SPRINGFIELD, Mo. (AP) — Voters in Missouri's third largest city of Springfield voted Tuesday to repeal an ordinance that provided protection against discrimination in housing and hiring based on sexual orientation and gender identity.
Unofficial final results showed that repeal of the ordinance passed with 51.4 percent of the vote.
Officials with PROMO, an advocacy group for lesbian, gay, bisexual and transgender people in Missouri, called the vote disappointing.
"We are still here for each other, and we will still work together to continue to make Springfield a welcoming place for ALL people," Promo Executive Director A.J. Bockelman said in a statement. "Tomorrow, just as today, we continue working to achieve equality."
The Springfield City Council passed the law in October, but opponents quickly began a petition drive to repeal it, forcing the public vote. Springfield has about 165,000 residents.

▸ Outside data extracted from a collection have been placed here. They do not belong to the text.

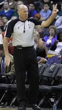 Gdy piłka dotknie sędziego, uznawane jest to za dotknięcie piłki o parkiet w miejscu, w którym stoi sędzia – jeśli sędzia stoi na aucie, jest to aut; gdy sędzia stoi na boisku, gra nie jest przerywana.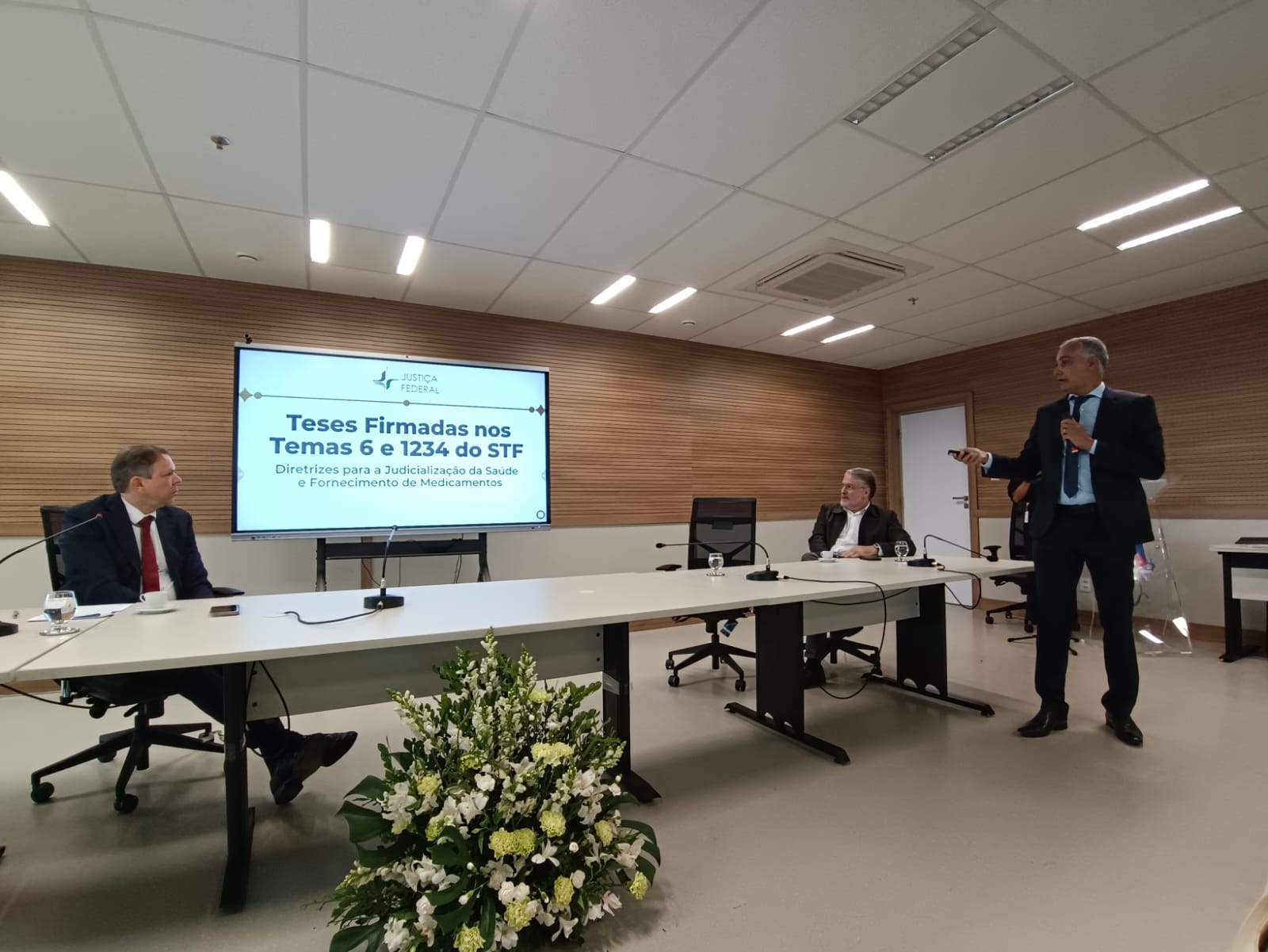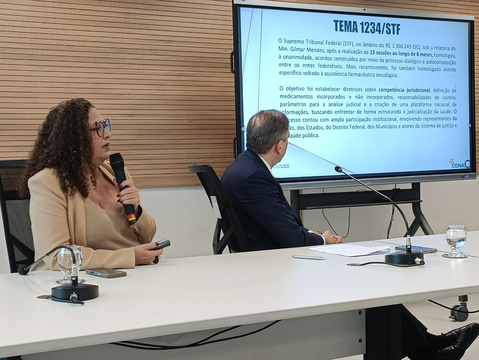 Outros dois painéis integraram o debate: “A análise dos fundamentos e dos impactos sistêmicos do Tema 1234”, conduzido pela doutora Mônica Lima, assessora jurídica do Conselho Nacional de Secretários de Saúde (Conass) e membro titular do Fórum Nacional do Judiciário para a Saúde (Fonajus); e “A perspectiva da Justiça Federal sobre a redistribuição de competência”, apresentado pelo juiz federal Alex Schramm, vice-coordenador do Comitê de Saúde da Bahia.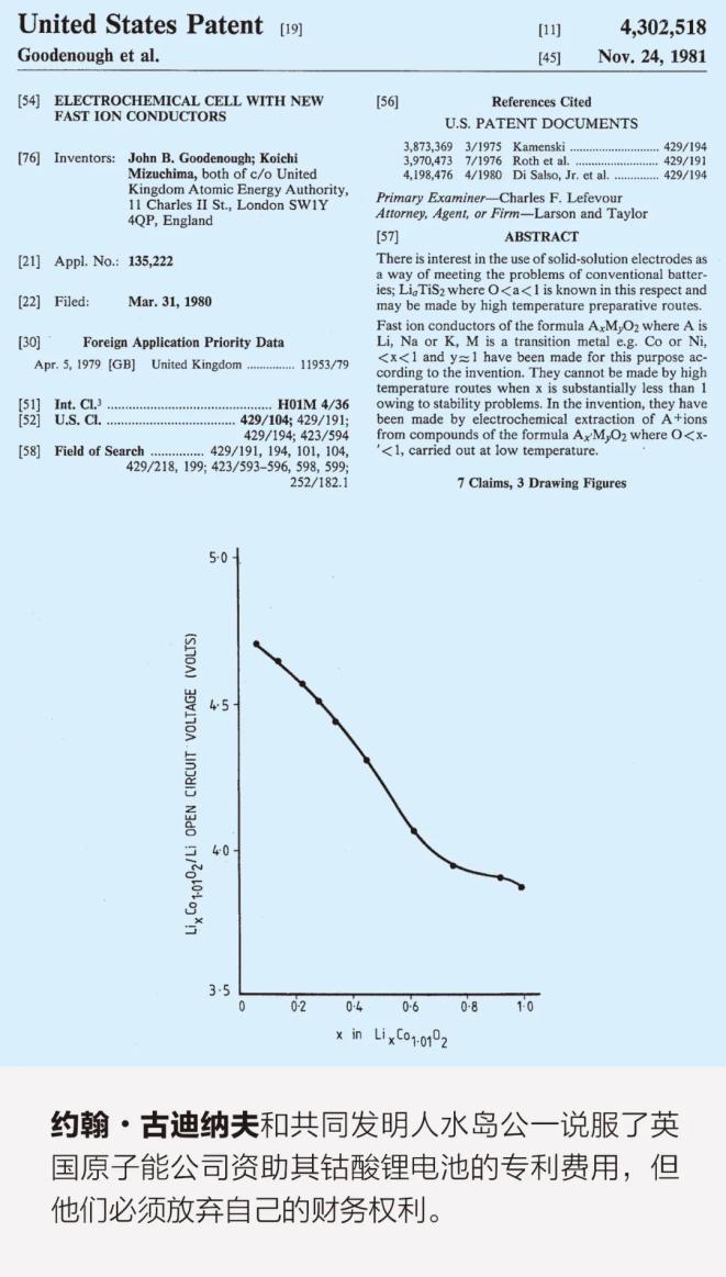 盡管如此,古迪納夫?qū)ψ约旱碾姵鼗瘜W(xué)技術(shù)仍然信心十足。他參觀了英國原子能研究所(AERE),這是一家政府實驗室,位于距牛津大學(xué)約20公里的哈維爾。該實驗室同意為其專利提供資金,前提是這位59歲的科學(xué)家和他的共同發(fā)明人水島簽署協(xié)議,放棄其財務(wù)權(quán)利。兩人同意了這一條件。實驗室于1981年獲得專利;古迪納夫從未得到過有關(guān)原始電池的任何收益。

Opponents of the anti-discrimination ordinance said it was poorly written and that a Human Rights Commission set up by the city had too much power to investigate and sanction.
"The churches were startled and alarmed and began to get involved (in repealing the ordinance). They were the target," said Calvin Morrow, one of the leaders of a Christian group which supported repeal.
He questioned whether discrimination against gay and lesbian residents actually happened in Springfield and said the fight over the ordinance had left the city divided.
Passage of religious freedom laws in Indiana and Arkansas recently drew a backlash especially from business leaders, and those states hastily tweaked the laws to address concerns that it would allow discrimination against gays and lesbians.
Missouri considered a similar measure in 2014 when a Republican lawmaker introduced a bill, but it never made it to a vote.